All of these notions seem to be acts of bending over backwards and performing intellectual acrobatics to try to disguise their transphobia as being somehow an extension of their feminism when it in fact runs directly contrary to several the fundamental tenets of feminism… that our lives, choices, identities and what we do with our bodies should not be dictated by external forces or forced upon us to conform with what society tells us those with our particular anatomy are supposed to be.
Biology is not destiny. Remember?
In summary, almost all of these misconceptions stem from the assumption that we’re really men, and considering us, our lives, our implications and our choices through a male frame of reference. A woman who is attracted to men is not gay. The existence of a woman as a woman does not reinforce traditional gender roles, nor would the breakdown of those roles cause her to disappear. A woman would not be asked to simply accept a male body. A woman would not be accused of appropriating womanhood, or infiltrating women’s spaces. A woman’s body, and the aspects of it that render it female, are not simply cosmetic.
If there is one myth to debunk from which all others would perish, it’s the notion that our gender is not legitimate. We are women. Just think of us as such, and you’ll get it.
(Featured image is from “A Series of Questions“, a photo essay by L. Weingarten. Check it out to see a version of that photograph that isn’t butchered by my horrible cropping!)

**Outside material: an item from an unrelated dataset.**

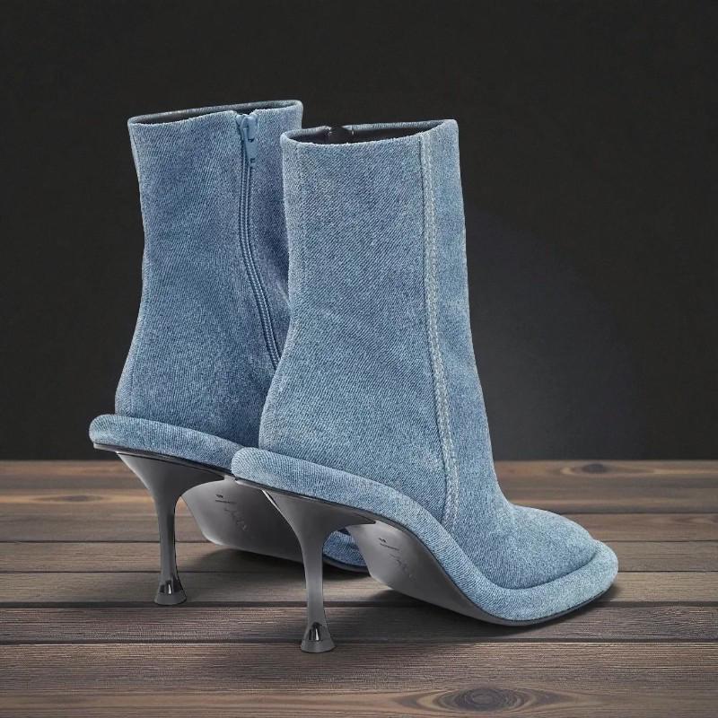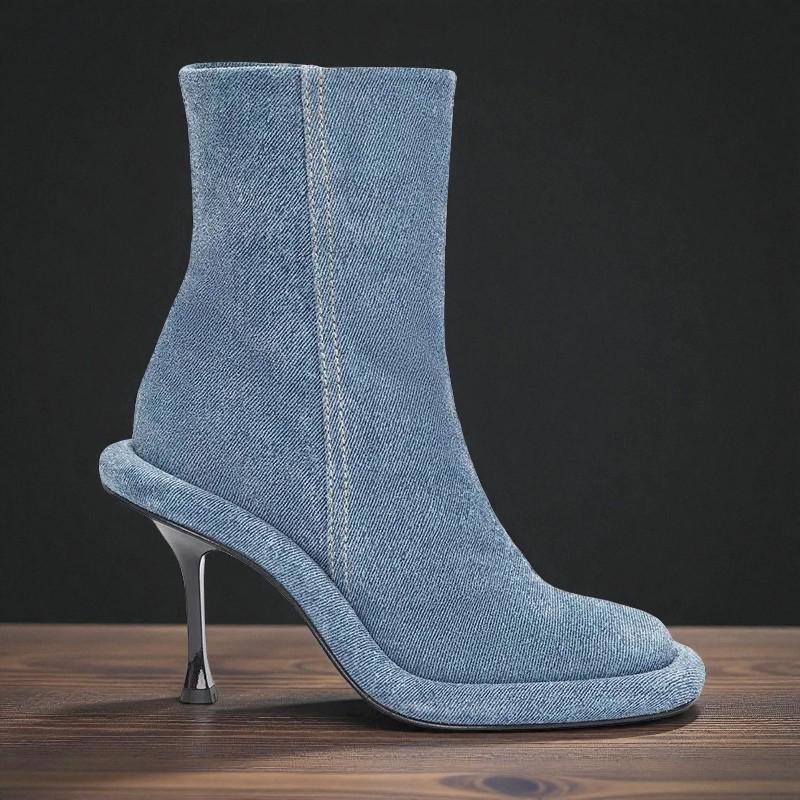 Step into bold confidence with these handmade women s ankle boots, designed with a super-high thin heel, sleek square toe, and stylish side zipper. Crafted from durable microfiber and fabric materials, these sexy modern boots offer a striking European-American look perfect for winter outfits, parties, and nights out. Comfortable, true-to-size fit with a sturdy rubber outsole ensures both stability and elegance in every step.

EDIT: When I said that a cross-dresser’s acts of cross-sex presentation do not reflect their “true self”, I should have been more clear: in the case of a CD (as opposed to a trans woman in denial who simply believes herself to be CD), the female presentation / persona isn’t MORE true than the male identity. Both are aspects of that individual’s sense of self. But the primary difference between a genuine CD and a trans woman is that the male identity is not held to be false while the female identity is held to be genuine. Instead, the male identity is still the primary expression of self that is inevitably returned to.